I’m going to start sharing some of these lessons learned in blog posts over the next several months. I thought about doing three in one post but as I’ve been writing I think I need more space to fully articulate what I’ve been thinking. So I’m going to do just one lesson per post. Hopefully this will resonate with someone out there.
Lesson #1 - You’re on No One Else’s Schedule
You’ve seen all the ads promising fast, effortless, and dramatic fitness results if only you’d buy a certain product or service. We’re wired to want things quickly and expect that this is the norm now. We live in the most technologically advanced time in history – I can order products and even groceries online and have them delivered TODAY. Amazon Prime is great, I use it all the time. It has just set some unrealistic expectations.
How many times have you seen ads for crazy crash diets or training programs? Just because an ad claims that someone used their product and lost X amount of weight or gained X amount of muscle in a certain (short) timeframe doesn’t mean that’s the norm. Ads are designed to be flashy and attention-grabbing. They portray this as normal and imply that if you aren’t moving that quickly you’re doing something wrong. You don’t see what happens 2, 3, 4 years down the road.
“I lost 40 pounds in 2 years and kept it off” isn’t flashy, but it’s exceptionally rare. Almost everyone who does a crash diet or loses a large amount of weight quickly gains it all back within a year. That’s not want anyone wants, but that’s what happens. Yo-yo dieting is much more common than successful dieting.
This mentality isn’t limited to crazy weight loss programs. I’ve seen athletes take up a sport, naturally excel, push harder and to higher levels of competition too quickly, then get injured and quit the sport altogether, all within a couple of years. Where exactly did that get them?

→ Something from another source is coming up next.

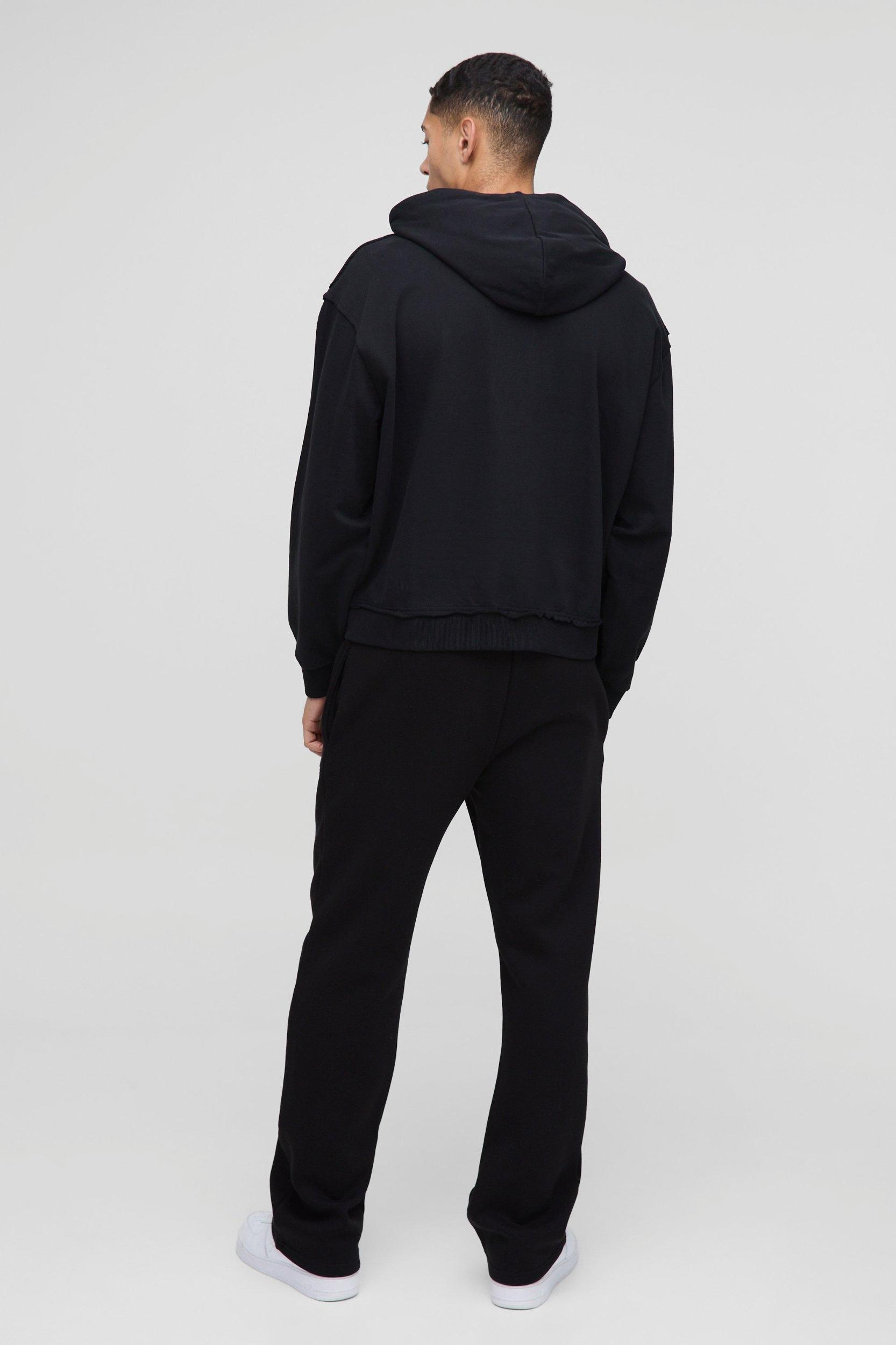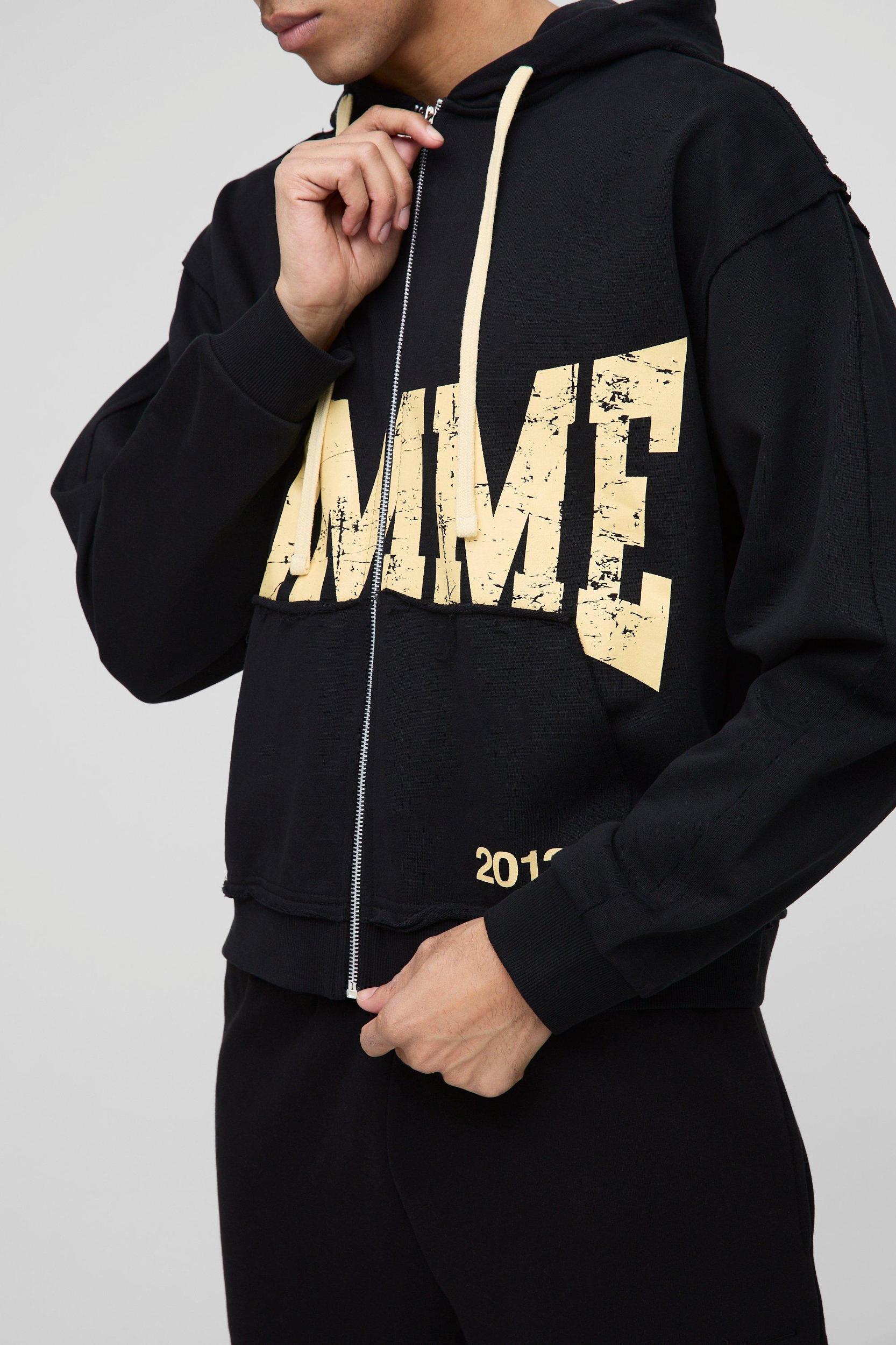Oversized Boxy Homme Raw Seams Loopback Zip Through Hoodie | boohooMAN USA

Nothing worth having in the gym or in life ever comes quickly.
I’ve never been athletic. But the one thing I have going for me is I haven’t quit. I’ve seen slow, sometimes painfully slow improvement for years. I’m still not a great athlete. There are high school athletes that are naturally stronger and faster and could run circles around me. But I’m still pushing forward. I haven’t “let myself go” even in the many times when life got in the way. I’m still moving forward 15 years later, even after many of the “gifted” athletes I saw growing up have quit and regressed.
The myth of Icarus still has something to teach us. Fly too high, too fast, and you’ll come crashing down. Life doesn’t usually reward those who only push hard for a short time, or push too hard, too fast. It rewards those who consistently do the right things day after day, month after month, year after year. Your daily habits make you or break you.
Whether you’re building a business, raising a family, or making a big life decision, you’re on no one else’s schedule. For example, just because someone built a business quickly and became a millionaire in their 20’s doesn’t mean that’s what will happen for everyone. You can start in your 40’s. Who cares? If it takes 10 years instead of 5, who cares? Comparison is the thief of joy. Apply this mindset to your own situation or experiences.
Invest in yourself. Investments take time to pay off. You might not see the results of the seeds you plant for years. But if you don’t plant them at all, they’ll never grow and bloom.